This implementation of Chemscore adheres as faithfully as possible to the
referenced paper.
OEChemscore
- An OpenEye variant of Chemscore which is similar
to the Chemscore implementation found in the original 1.2.x version of
FRED.
Screenscore
- which is described in reference [9].
Zapbind
- A scoring function which uses PB electrostatic
calculations in combination with an area contact term.
The following ligand-based scoring function are also available in FRED. Use
of these scoring functions requires that the receptor file contain a
bound ligand.
CGO
- or Chemical Gaussian Overlay. This scoring function
represents molecular shape and chemistry with smooth Gaussian function,
as the Chemgauss functions do. However this function scores a pose
by measuring how well it overlays onto the bound ligand, rather than
scoring against the protein structure.
CGT
- of Chemical Gaussian Tanimoto. Similar to CGO, but
calculates a Tanimoto overlay rather than a volume overlay.
The following table gives a quick overview of the interactions the
various scoring functions in FRED are aware of. It is easily seen that
none of the functions have intramolecular terms.
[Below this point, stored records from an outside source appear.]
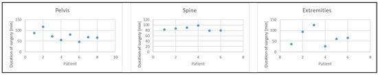 Learning curve for the duration of surgery [min] for the biopsy of tumors on the pelvis, spine, and extremities.
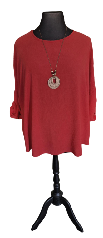 Heerlijke shirts met een ophaallusje bij de mouwen. Deze heeft een ronde hals en een ketting krijg je erbij.
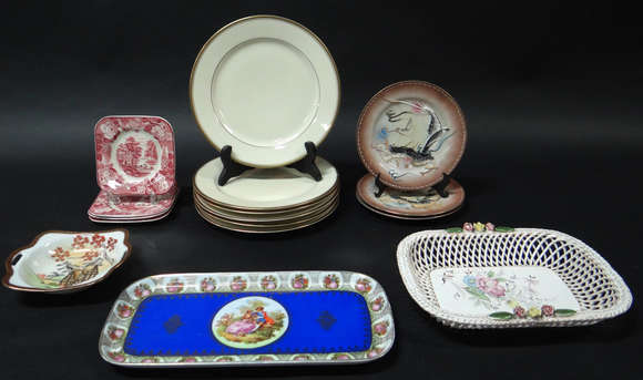 Diversas peças em porcelana ; 6 pratos rasos Rozenthal , fruteira vazada com flores em relevo ; 4 pratinhos inglese...
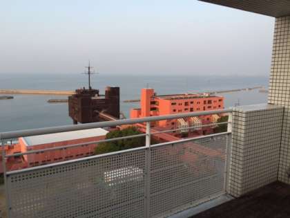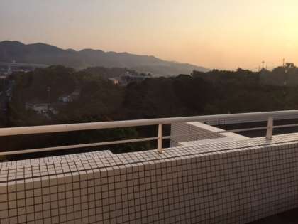 部屋からの風景も、またすてきです。上の写真は、先ほどまで活動していた海洋センターです。下の写真では、夕やけがすばらしいです。
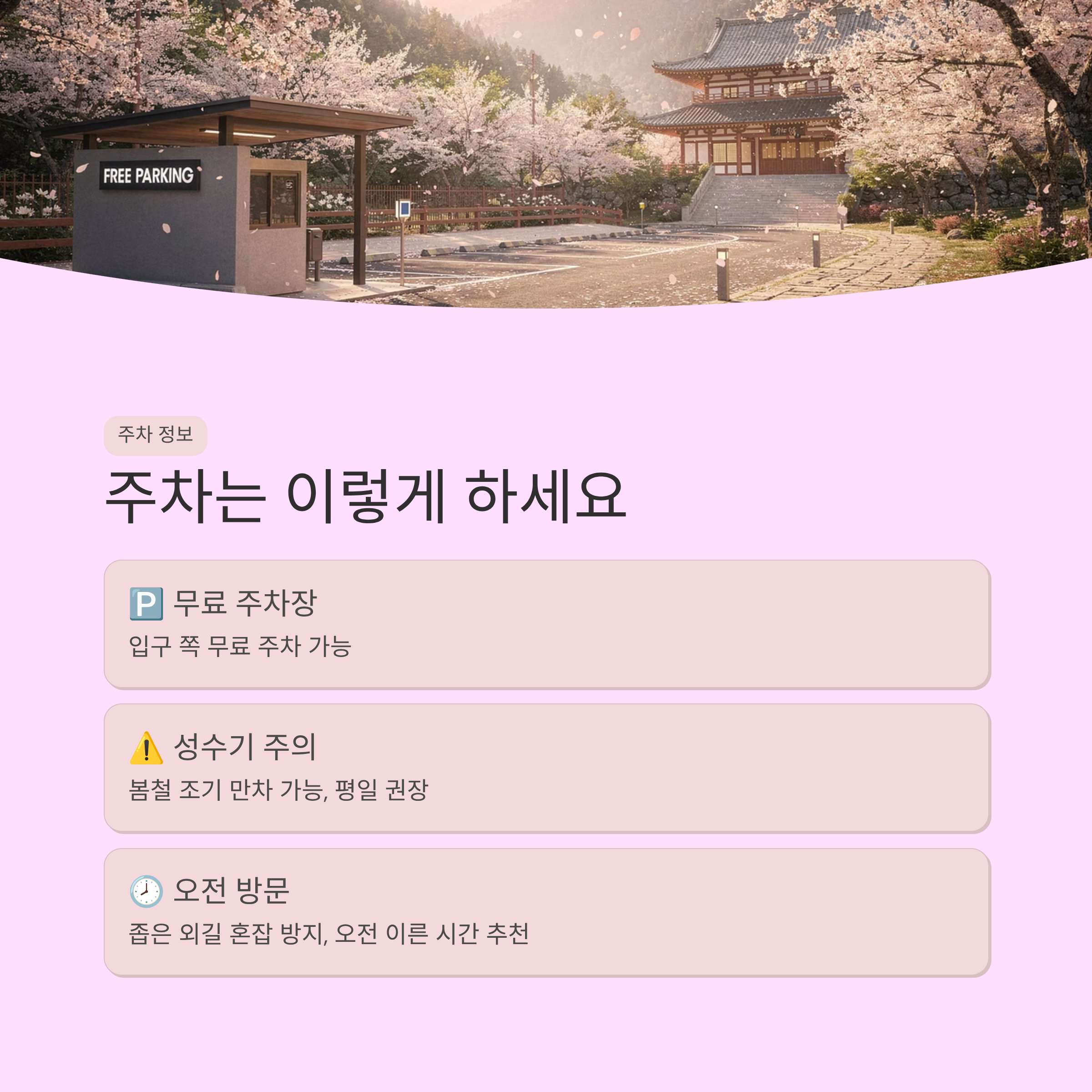 문수사는 봄철 특히 방문객이 몰리는 곳이라, 충남도 콘텐츠에서는 벚꽃 시즌에 문수사로 향하는 좁은 외길에 차량이 몰린다고 설명합니다. 따라서 주말 한낮보다는 오전 이른 시간이나 평일이 훨씬 편합니다. 주차 스트레스를 줄이려면 오전 방문이 가장 무난합니다.
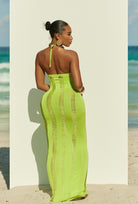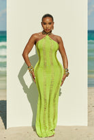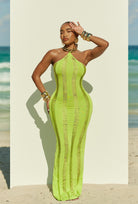 Introducing the Matte Resort Alexandra Dress. This dress features a halter style top, bodycon fit, and stretchy knitted fabric with a laddered shred detail. For the beach or out to dinner, Alexandra is a must-have.

This is because FRED relies
on the conformer generator that provides its input conformer database to ensure
that all the input conformers have reasonable geometries and do not have
significant intramolecular contacts and/or high strain energies.
Table 4.1:
Summary of the interactions scoring functions are aware of
| |
Shape |
Hydrogen Bonds |
Metal |
Aromatic |
Desolvation |
| Shapegauss |
Yes |
No |
No |
No |
No |
| PLP |
Yes |
Yes |
Yes |
No |
No |
| Chemgauss2 |
Yes |
Yes |
Yes |
Yes |
No |
| Chemgauss3 |
Yes |
Yes |
Yes |
No |
Yes |
| Chemscore |
Yes |
Yes |
Yes |
No |
No |
| OEChemscore |
Yes |
Yes |
Yes |
No |
No |
| Screenscore |
Yes |
Yes |
Yes |
No |
No |
| Zapbind |
Yes |
No |
No |
No |
Yes |
| CGO |
Yes |
Yes |
Yes |
No |
No |
| CGT |
Yes |
Yes |
Yes |
No |
No |
|
The scoring functions also vary in their speed, and only the faster
functions can be used in the Exhaustive Docking and Optimization stages,
as detailed in the following table. All the scoring functions can
be used to give the final score for a pose.
Table 4.2:
Summary of speed and places scoring function can be used
| |
Speed |
Exhaustive Docking |
Optimization |
| Shapegauss |
Very Fast |
Yes |
Yes |
| PLP |
Very Fast |
Yes |
Yes |
| Chemgauss2 |
Fast |
Yes |
Yes |
| Chemgauss3 |
Fast |
Yes |
Yes |
| Chemscore |
Medium |
No |
Yes |
| OEChemscore |
Medium |
No |
Yes |
| Screenscore |
Medium |
No |
Yes |
| Zapbind |
Slow |
No |
No |
| CGO |
Fast |
Yes |
Yes |
| CGT |
Medium |
No |
Yes |
|
4.3.2 Shapegauss
This scoring functions is described in detail in Ref [4].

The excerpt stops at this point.